Posted by marmbrus <gi...@git.apache.org>.

Github user marmbrus commented on a diff in the pull request:

    https://github.com/apache/spark/pull/4308#discussion_r24140570
  
    --- Diff: sql/core/src/main/scala/org/apache/spark/sql/parquet/newParquet.scala ---
    @@ -228,66 +347,397 @@ case class ParquetRelation2(path: String)(@transient val sqlContext: SQLContext)
             val cacheMetadata = useCache
     
             @transient
    -        val cachedStatus = selectedPartitions.flatMap(_.files)
    +        val cachedStatus = selectedFiles
     
             // Overridden so we can inject our own cached files statuses.
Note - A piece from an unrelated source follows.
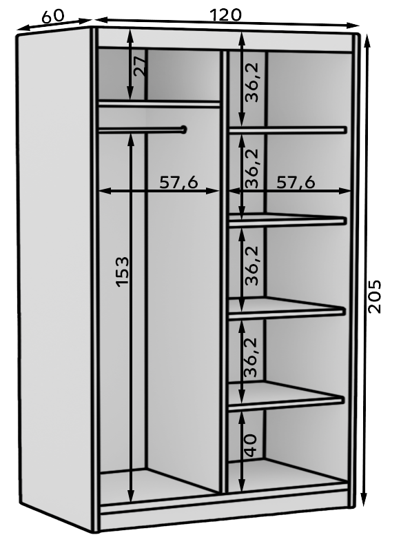 Η ντουλάπα Reflecta 120 συρόμενη είναι η τέλεια λύση για όσους εκτιμούν τον σύγχρονο σχεδιασμό και τις πρακτικές λύσεις. Χάρη στη λιτή της μορφή και τον μινιμαλιστικό της χαρακτήρα, θα ταιριάξει τέλεια σε οποιονδήποτε χώρο, προσφέροντας κομψότητα και αίσθηση ευρυχωρίας. Οι καθρέφτες στις πόρτες δεν προσδίδουν μόνο στυλ στη ντουλάπα, αλλά επίσης μεγεθύνουν οπτικά τον χώρο στον οποίο βρίσκεται.

             override def getPartitions: Array[SparkPartition] = {
    -          val inputFormat =
    -            if (cacheMetadata) {
    -              new FilteringParquetRowInputFormat {
    -                override def listStatus(jobContext: JobContext): JList[FileStatus] = cachedStatus
    -              }
    -            } else {
    -              new FilteringParquetRowInputFormat
    +          val inputFormat = if (cacheMetadata) {
    +            new FilteringParquetRowInputFormat {
    +              override def listStatus(jobContext: JobContext): JList[FileStatus] = cachedStatus
                 }
    -
    -          inputFormat match {
    -            case configurable: Configurable =>
    -              configurable.setConf(getConf)
    -            case _ =>
    +          } else {
    +            new FilteringParquetRowInputFormat
               }
    +
               val jobContext = newJobContext(getConf, jobId)
    -          val rawSplits = inputFormat.getSplits(jobContext).toArray
    -          val result = new Array[SparkPartition](rawSplits.size)
    -          for (i <- 0 until rawSplits.size) {
    -            result(i) =
    -              new NewHadoopPartition(id, i, rawSplits(i).asInstanceOf[InputSplit with Writable])
    +          val rawSplits = inputFormat.getSplits(jobContext)
    +
    +          Array.tabulate[SparkPartition](rawSplits.size) { i =>
    +            new NewHadoopPartition(id, i, rawSplits(i).asInstanceOf[InputSplit with Writable])
               }
    -          result
             }
           }
     
    -    // The ordinal for the partition key in the result row, if requested.
    -    val partitionKeyLocation =
    -      partitionKeys
    -        .headOption
    -        .map(requiredColumns.indexOf(_))
    -        .getOrElse(-1)
    +    // The ordinals for partition keys in the result row, if requested.
    +    val partitionKeyLocations = partitionColumns.fieldNames.zipWithIndex.map {
    +      case (name, index) => index -> requiredColumns.indexOf(name)
    +    }.toMap.filter {
    +      case (_, index) => index >= 0
    +    }
     
         // When the data does not include the key and the key is requested then we must fill it in
         // based on information from the input split.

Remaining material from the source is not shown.